### What you will do:
Although the data below contains pictures, please reproduce only its words, exactly.

### Material provided:
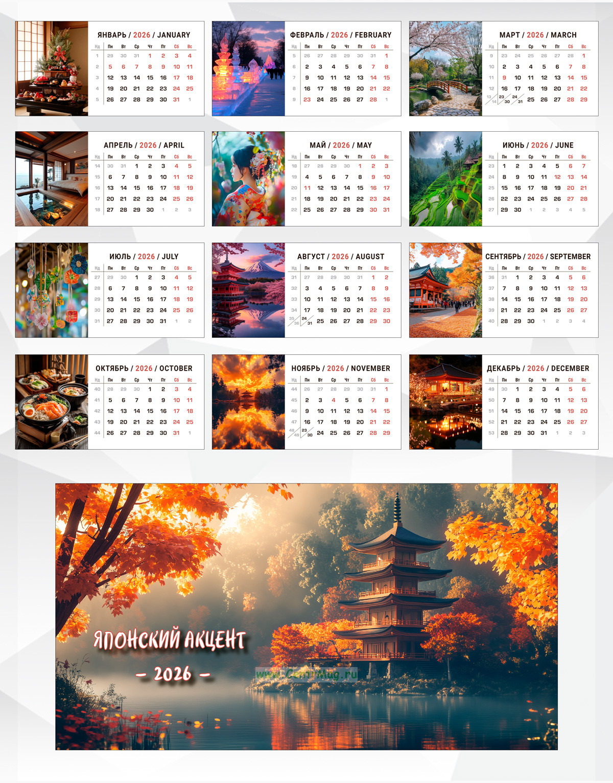 Настольный календарь-домик "Японский акцент" на 2026 год
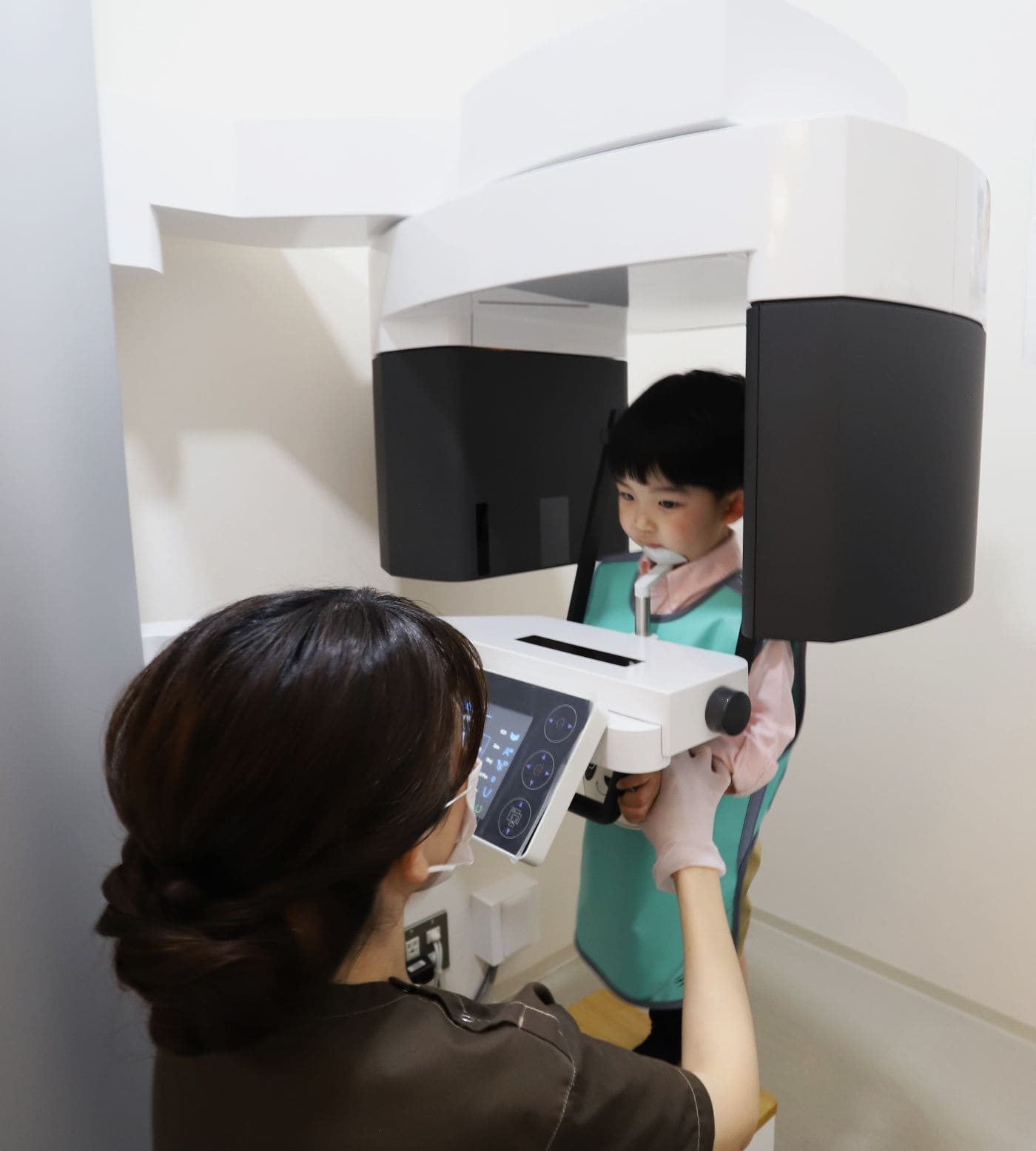 レントゲン撮影は乳幼児には難しいので、4・5歳を目安に1年か半年に1度くらいの頻度で行います。歯科で撮影するレントゲンは日常生活で受ける自然放射線量よりはるかに少なく、その上防護用エプロンを着用しますので安心安全に受けていただけます。
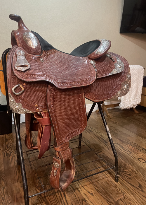 16.5” Custom Western Show Saddle, Headstall, Romal Reins, and Saddle CoverDale Chavez

### Answer below:
 Настольный календарь-домик "Японский акцент" на 2026 год
 レントゲン撮影は乳幼児には難しいので、4・5歳を目安に1年か半年に1度くらいの頻度で行います。歯科で撮影するレントゲンは日常生活で受ける自然放射線量よりはるかに少なく、その上防護用エプロンを着用しますので安心安全に受けていただけます。
 16.5” Custom Western Show Saddle, Headstall, Romal Reins, and Saddle CoverDale Chavez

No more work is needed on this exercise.